Я стала мыть посуду. Нужно было чем-то заняться. Мама с папой вешали фонарики на елку во дворе. Я открыла дверь, и на меня устремился поток свежего морозного воздуха.
— Анника придет к нам на Рождество.
Родители изумленно посмотрели на меня, подняв головы от елки.
— Вот как, — произнесла мама. — Но…
— Никаких «но».
Я улыбнулась. Они посмотрели друг на друга и удивленно улыбнулись в ответ. И я закрыла дверь.
Когда я уже засыпала, в голове возникла недостающая строка:
И пламя свечи среди тьмы.
19
Я вписала строчку в первый куплет, вложила листок в пластиковый файлик и осторожно спрятала в сумку, рядом со спортивной одеждой.
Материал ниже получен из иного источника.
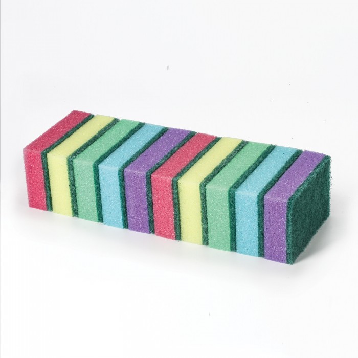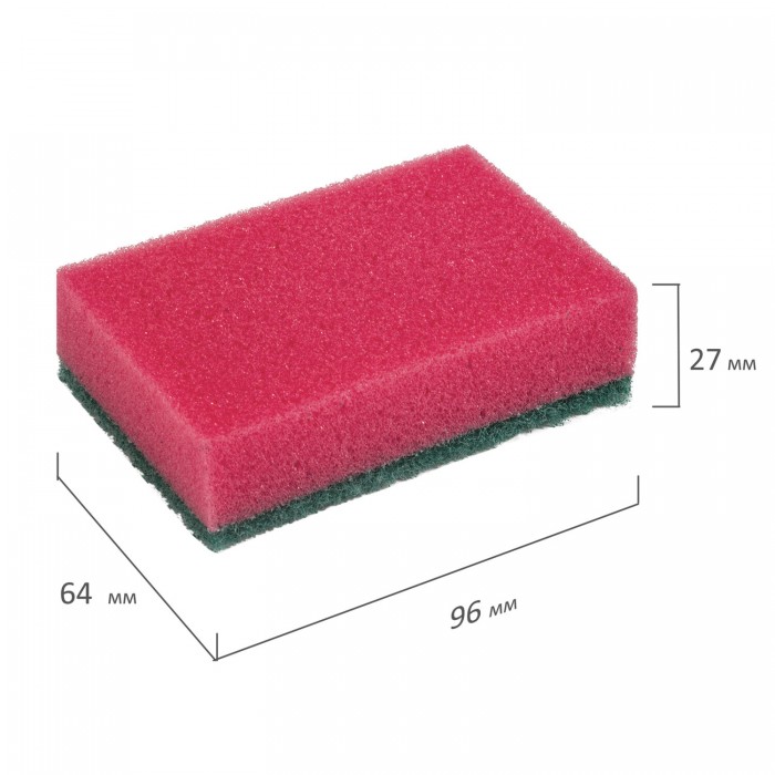 Губки бытовые MAXI, 27х96х64 мм, КОМПЛЕКТ 10 шт., поролон/абразив, для посуды/уборки, ОФИСМАГ, К0012, 601553

Я хотела, чтобы песня была рядом со мной, хотела отдать ее Стефану в подходящей обстановке. Одна мысль о том, что он прочтет, и пугала, и воодушевляла. Мне и правда хотелось этого. Но, может быть, художественный вымысел завел меня слишком далеко. Может быть, я… выдала себя.
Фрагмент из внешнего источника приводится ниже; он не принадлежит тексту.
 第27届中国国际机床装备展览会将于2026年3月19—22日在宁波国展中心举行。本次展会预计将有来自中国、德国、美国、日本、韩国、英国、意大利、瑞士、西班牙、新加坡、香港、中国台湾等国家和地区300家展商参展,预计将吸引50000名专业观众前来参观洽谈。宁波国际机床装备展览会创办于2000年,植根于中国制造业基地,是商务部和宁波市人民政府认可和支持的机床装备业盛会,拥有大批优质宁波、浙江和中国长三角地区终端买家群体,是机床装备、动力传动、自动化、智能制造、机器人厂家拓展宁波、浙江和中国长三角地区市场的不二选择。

Мы столкнулись у раздевалки после физкультуры. Сердце забилось изо всех сил. Листок с текстом трепетал в сумке. Я хотела показать его. Но не смела.
— Я написала…
И снова какая-то пробка в горле. Слова будто застряли на полпути. Мне пришлось основательно прокашляться, прежде чем я смогла продолжить. Стефан посмотрел на меня с мягкой улыбкой.
— В общем, я вчера написала текст. На твою музыку.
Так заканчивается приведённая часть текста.